Market segmentation and price differentiation are spontaneous market reactions by players to different situations. A monopolist (No thanks to congressional franchising, or national agency or LGU franchising) can price its product or service at the highest possible rate that consumers can endure. A proposed Fair Trade Commission (FTC) cannot discipline a monopoly or duopoly if these were government-created.

All electric coops and distribution utilities are monopolies, there are about 120 of them nationwide, the biggest is Meralco of course. Because they are utilities, electricity distribution is reserved 100% to Filipinos only, but not all Filipino enterprises can compete, they need congressional franchising which creates the monopoly in particular areas.
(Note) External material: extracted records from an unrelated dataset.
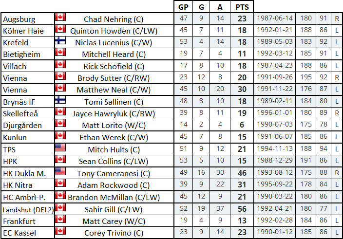 Tidigare listade bloggen en rad AHL-centrar och nu skrapade bloggen ihop dessa 19 från olika ligor runt om på vår kontinent:
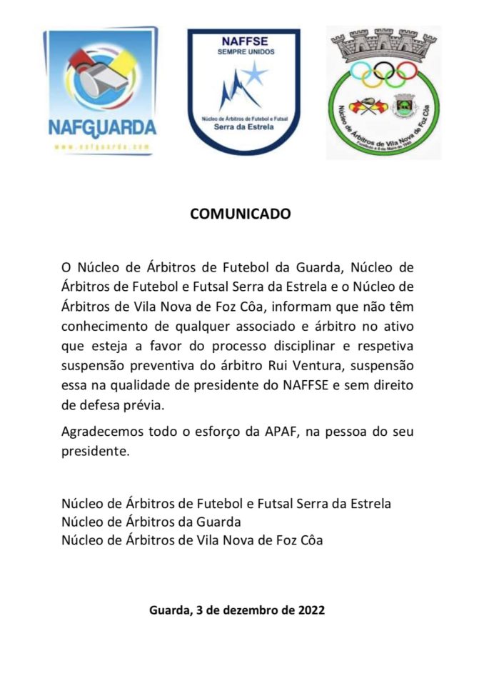O Núcleo de Árbitros de Futebol da Guarda, Núcleo de Árbitros de Futebol e Futsal Serra da Estrela e o Núcleo de Árbitros de Vila Nova de Foz Côa, desmentem o presidente da Associação de Futebol da Guarda quando este referiu ao jornal “O Jogo” que “a maior parte dos árbitros” lhe transmitiu “que o castigo [a suspensão preventiva de 30 dias]” aplicado ao árbitro Rui Ventura “é merecido”, adiantando ainda que é a segunda vez que aquele árbitro “tem um processo”.
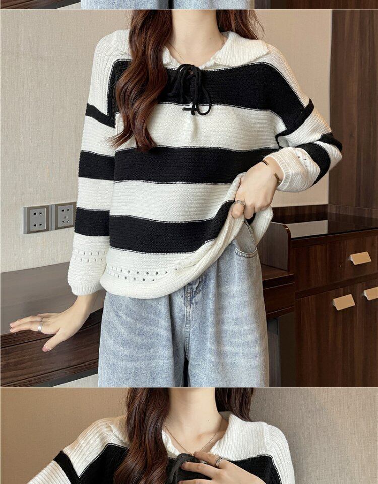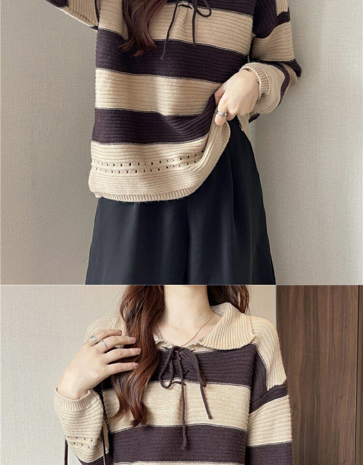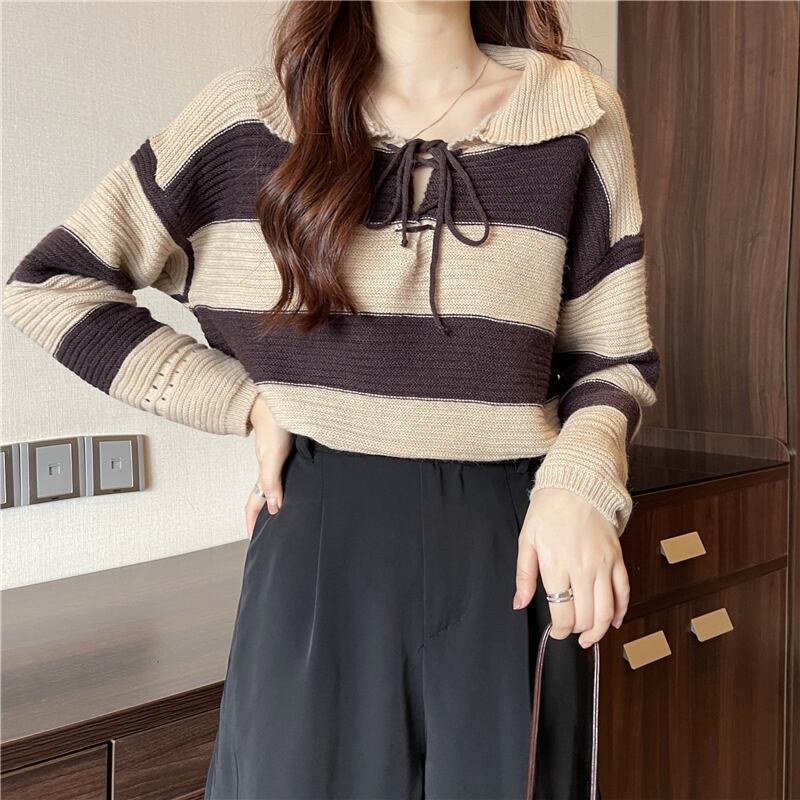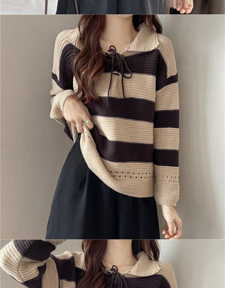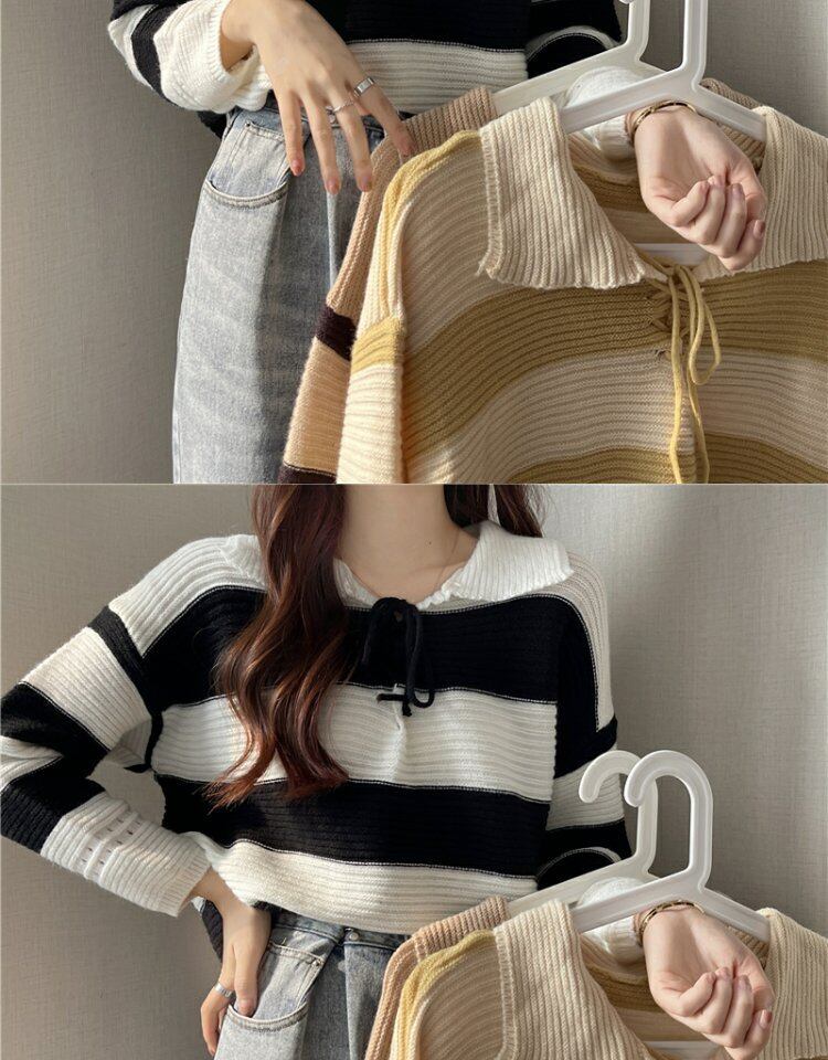 カラーストライプセーター 薄手スプリングオータムスタンダードブラウス ロング レトロ 春物 秋物 萌量不足64444745951

Inter-island shipping is generally government-created monopoly or duopoly via MARINA franchising; bus line route monopoly is also government-created (via LTFRB franchising); or airline route monopoly for lesser-known island destinations is another government-created (via CAB franchising). 

Even tricycle route monopoly (say UP Village to Philcoa) is government-created  via city or municipal hall franchising. Jeepneys and air-con vans are prohibited on those tricycle-only monopolized routes. Passengers have no  other option but ride those tricycles, otherwise they must walk or take the more  expensive taxi, or drive their  own car or motorcycle. Which contributes to more traffic congestion.

Someone suggested that the Freedom of Information (FOI) bill is needed to advance the Fair Competition (FC) bill. This is a misunderstanding. The FOI bill intends to make government become more transparent. The FC bill intends to make private companies become more transparent.

Bottomline, even if Congress will enact an FC law next week, many monopolies and duopolies will remain because they were created by different government agencies  themselves, from the Legislative to Executive to LGU offices. What the proposed FC law will do is simply tinker with existing players that are already regulated by various government agencies.

As government expands, its cronyism also expands. One more reason why government, from Executive to  Legislative to LGUs and  other offices should shrink.